Он не посмотрел на осколки. Он смотрел на свою руку, будто впервые видя её. Потом медленно, с невероятным усилием, разжал пальцы, которые всё ещё были сведены судорогой, готовые снова сомкнуться.
— Всё равно… треснутая была, — прохрипел он, глотая воздух. Оправдание вышло картонным, жалким. — Убирать не надо. Утром… я сам.
Он не пытался подойти, тронуть её снова. Просто стоял, сжав кулаки, вжимая их себе в бока, как бы физически запихивая обратно вырвавшегося на свободу зверя. На его лице боролись ярость, растерянность и стыд — новое для него, мучительное чувство.
— Иди, — сказал он наконец, отвернувшись к окну, спиной к ней и к осколкам. — Иди спать.
Она ушла, не дожидаясь повторения. В спальне, запершись, она долго сидела на кровати, разглядывая на руке красные, постепенно темнеющие отпечатки его пальцев. Не синяки ещё, но их обещание. Она разбила его вещь. И его реакция была сильнее, чем если бы она разбила что-то своё. Потому что в этой вещи жила какая-то частица от него, не майора Воронова, а того, другого, которого она никогда не видела.

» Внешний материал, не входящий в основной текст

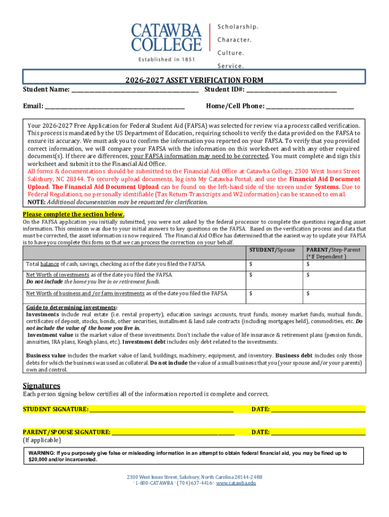 The 2026-2027 Asset Verification Form is a financial document used by Catawba College to verify the asset information submitted by students on their FAFSA.
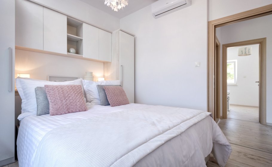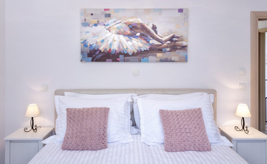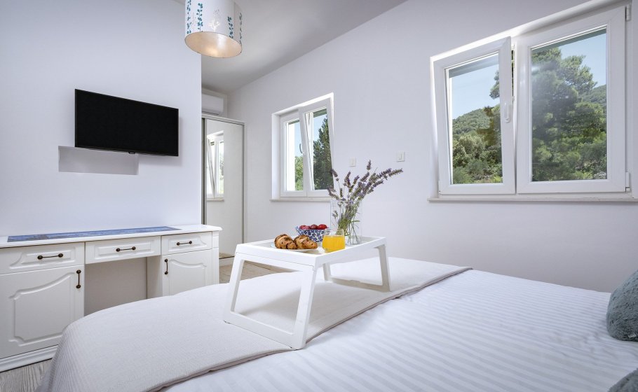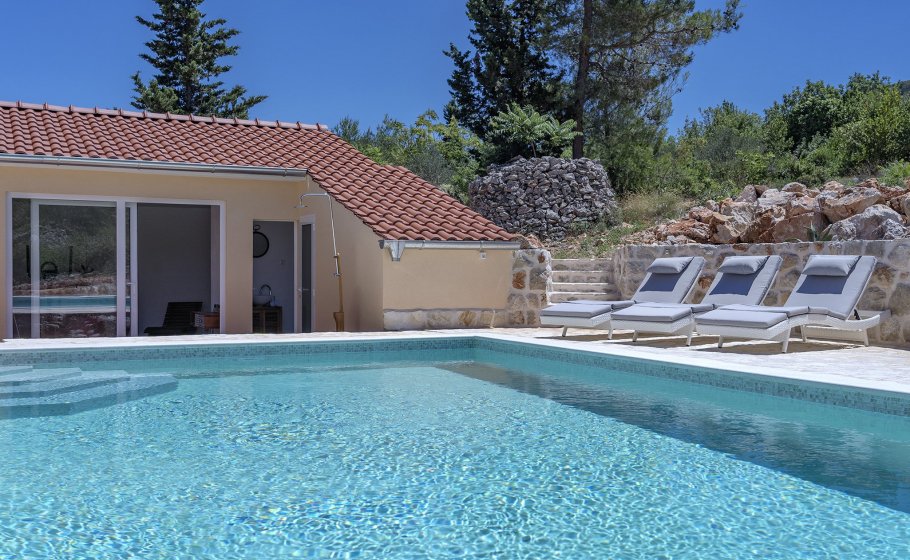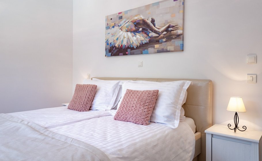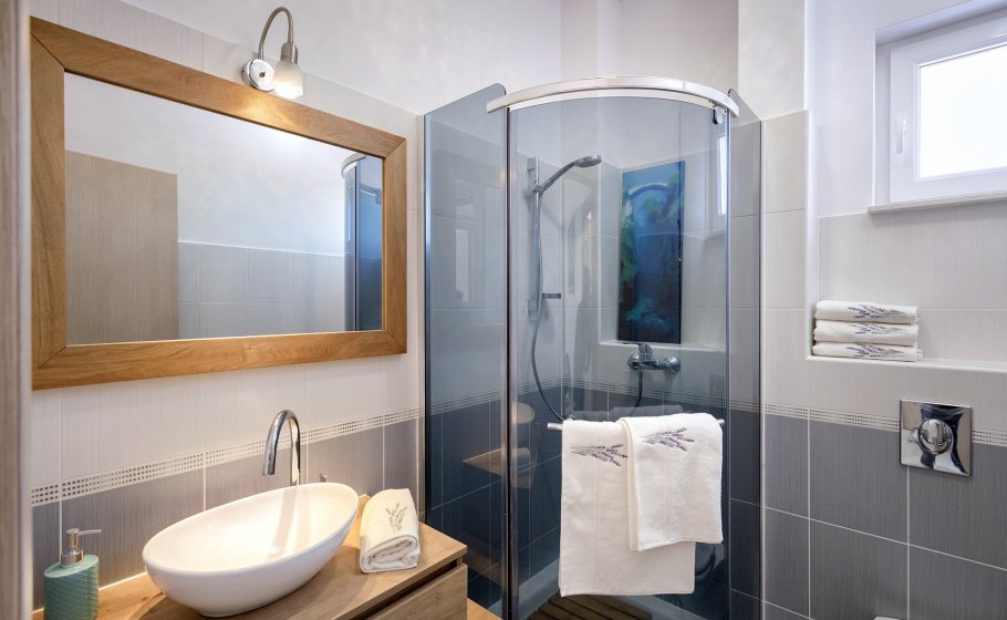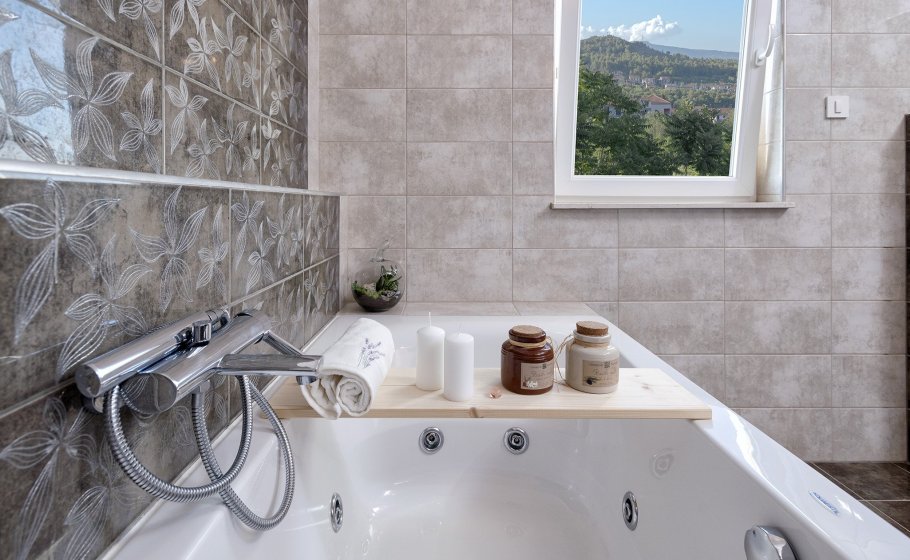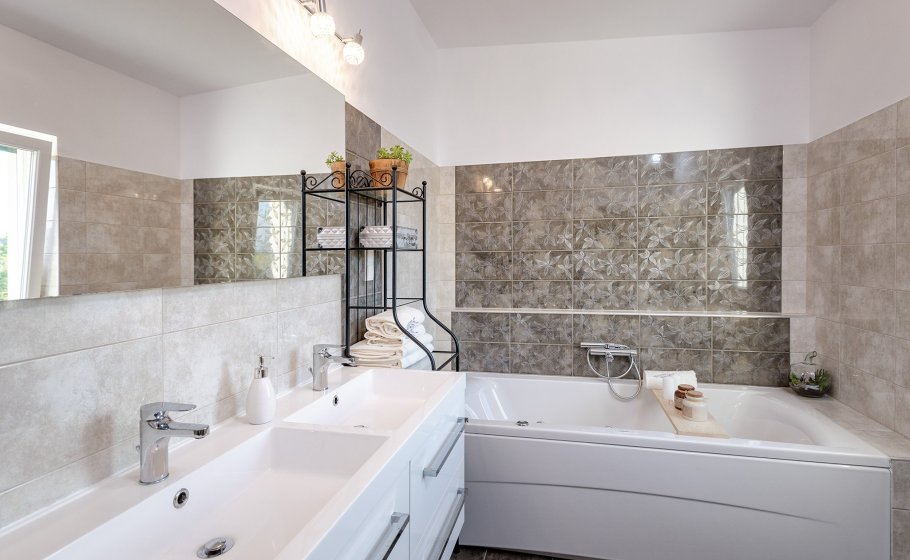 Let’s now go back to the dining room/living room area. Twenty or so steps lead you from this area to the first floor of the house. From the anteroom, you can enter three double bedrooms with matrimonial beds and en-suite bathrooms. Two of the rooms have shower trays, the third has a shower tray and a jacuzzi bathtub. Also, one bedroom has a balcony overlooking Stari Grad, whereas the other two have windows overlooking the garden with the pool.

И теперь она её уничтожила.
И в этот момент она поняла самое пугающее. Его борьба с самим собой пугала её больше, чем его привычная жестокость. Потому что жестокость была предсказуема. А эта новая, не сформировавшаяся оболочка контроля в любой миг могла треснуть, выпустив наружу всё то, что он в себе подавил. И что тогда? Он возненавидит её за свою слабость вдвойне. А теперь — ещё и за этот осколок бронзы.

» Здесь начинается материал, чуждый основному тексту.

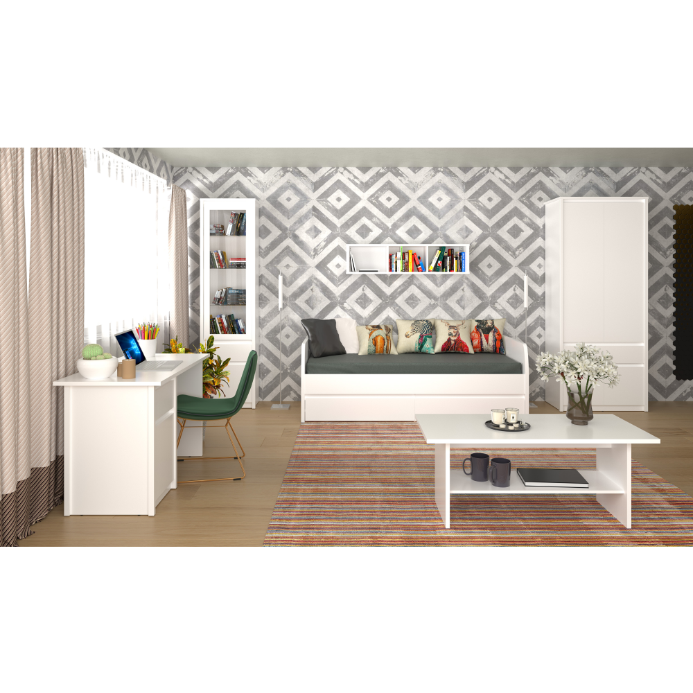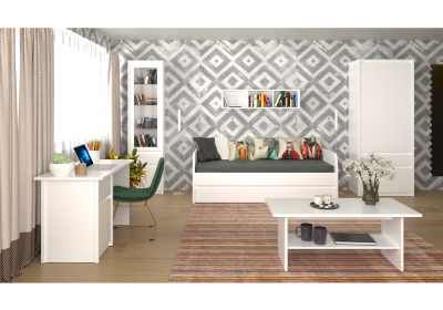 Az elegáns ERODIN bútorkészlet semleges fehér színben tündököl. A fehér bútorok otthonában elegáns és tiszta megjelenést keltenek. A fehér szín tökéletesen feldobja a helyiséget.
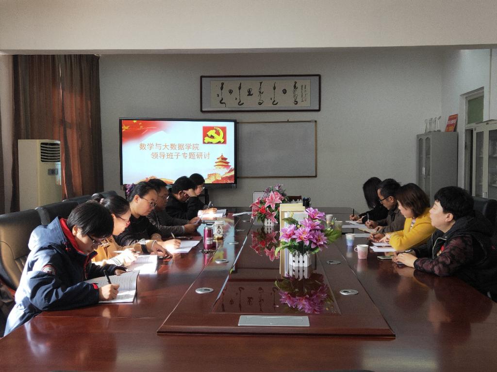 10月24日上午,数学与大数据学院在沃德楼205会议室(主题教育读书室)召开班子成员对照党章党规找差距专题会议,学校主题教育第三指导组海泉组长一行到会指导。学院领导班子成员在前期逐条认真学习的基础上,对照党章党规,重点对照党章、《关于新形势下党内政治生活的若干准则》《中国共产党纪律处分条例》查摆问题,并结合个人、职责、工作实际谈学习认识、谈短板不足、谈问题原因、谈整改举措。

Она погасила свет. В гостиной ещё долго слышалось его тяжёлое, ровное дыхание, будто он заново учился дышать. И где-то там, за стеной, сидел не просто Воронов. Сидели двое: тот, кем он был, и тот, кем он пытался стать. И между ними на паркете лежали осколки той самой хрупкой грани, что их разделяла.
И она, невольная заложница обоих, не знала, кого из них бояться сильнее.